Yep thanks. That would be four passes and two fence settings per drawer to get the 1 3/8” notch for the Blum slide.
Stack the backs and dado them before assembly to make quick work.
Willemjm you dont, here is the EZ,bestest way, on the back pc rip them right at the top of the dado. This then allows you to assembler the drawer, then SLIDE THE BOTTOM INTO IT, CUT TO LENGTH, WHICH you can measure b4. that way you can solidly staple the bottom pc onto the back. If that is as clear as mud, either PM or call me 973 945 6686
Understand completely, I am not worthy of dovetails , therefore I don't run into that problem. Yes I tried, failed many times, gave up. I truly think it is because I do not use solid stock for drawers. Everything I do except for face frames, doors,fronts etc is pre finished ply. dovetails don't seem to take kindly to plywood.Wabbits and glue and staples
When I did that big notch, I used the protractor head that come with machine, screwed a pc of ply to it,and made a jig to use with a dado blade. I took the dimension to the left side of that notch, setup my fence for it, then made a block that would be positioned between the fence and the piece for the right side of the notch, then just nibbled out the middle. by having that ply, it was a way to solidly hold the part, you could make it tall enuf to clamp to.:gar-Bi
I cut mine on a shaper with a 1 1/2 straight cutter after drawers are put together.
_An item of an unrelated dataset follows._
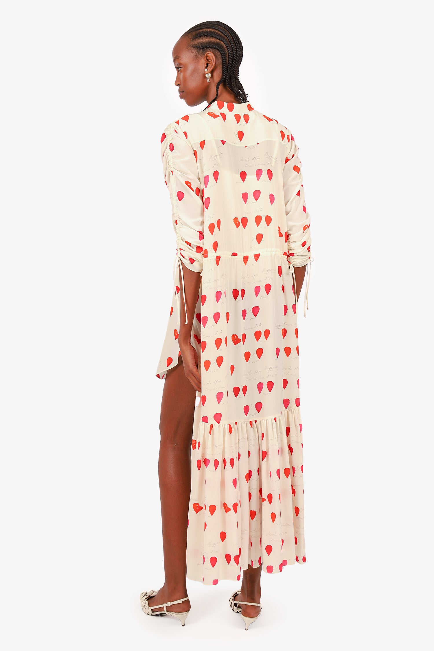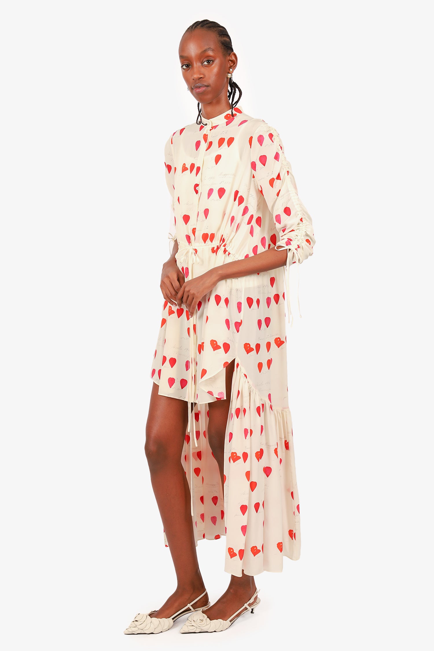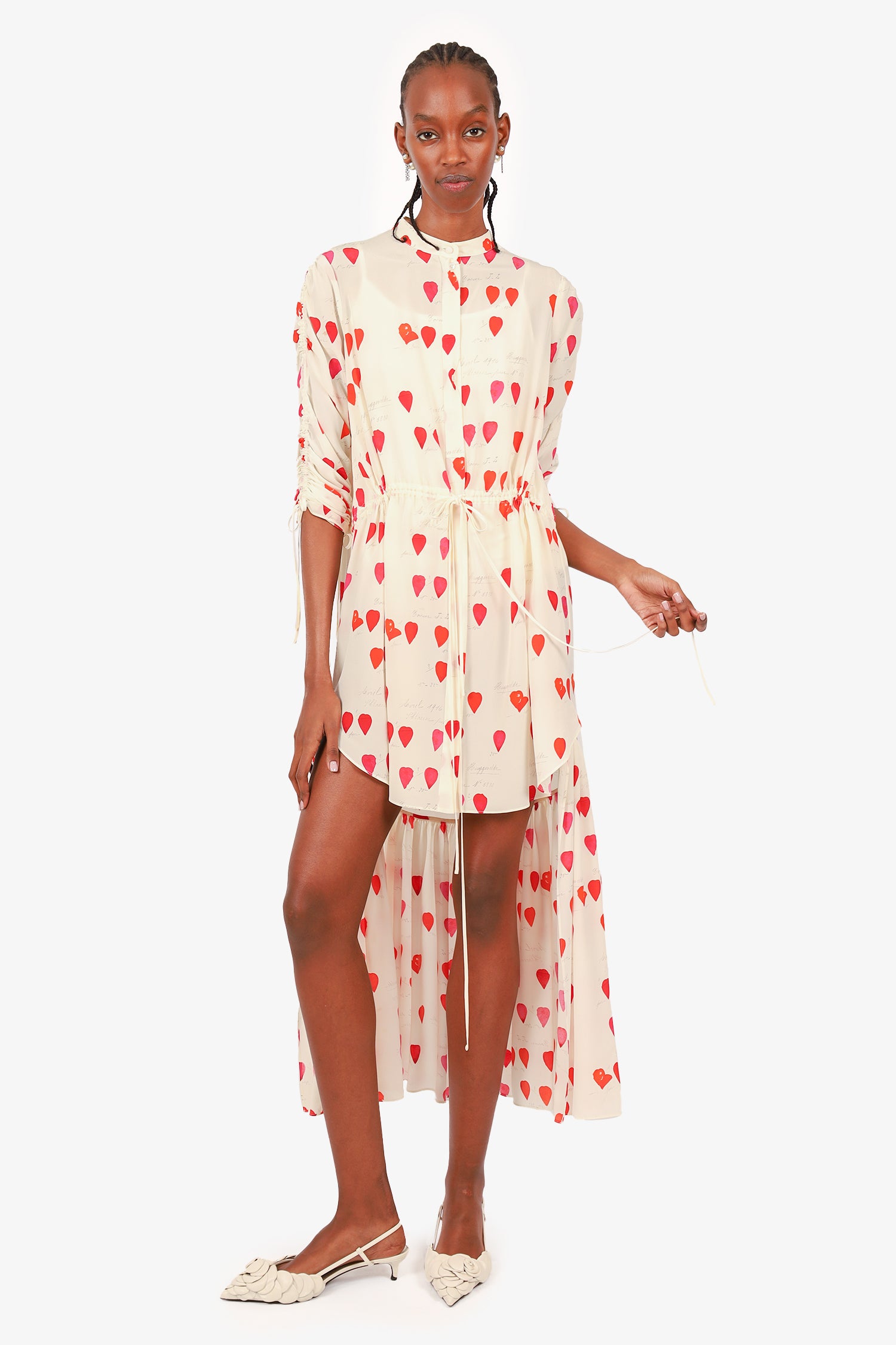 Refresh availabilityAlexander McQueen White/Red Heart Print Silk Dress. Front button closure. Lined. High-Low hem. Tie ruched sleeves. Waist belted. Tonal stitching.

Raise the cutter up to miss the drawer side and set the fence to the depth to the drawer bottom. Then run all your drawers through on one side. Then you will have to take the cutter off And turn it over, reverse the shaper and do the other side of all your drawers. There is a good video of a guy doing drawers this way on YouTube. Just search for drawer notches on shaper. This is the fastest and cleanest way I have been able to do the notches.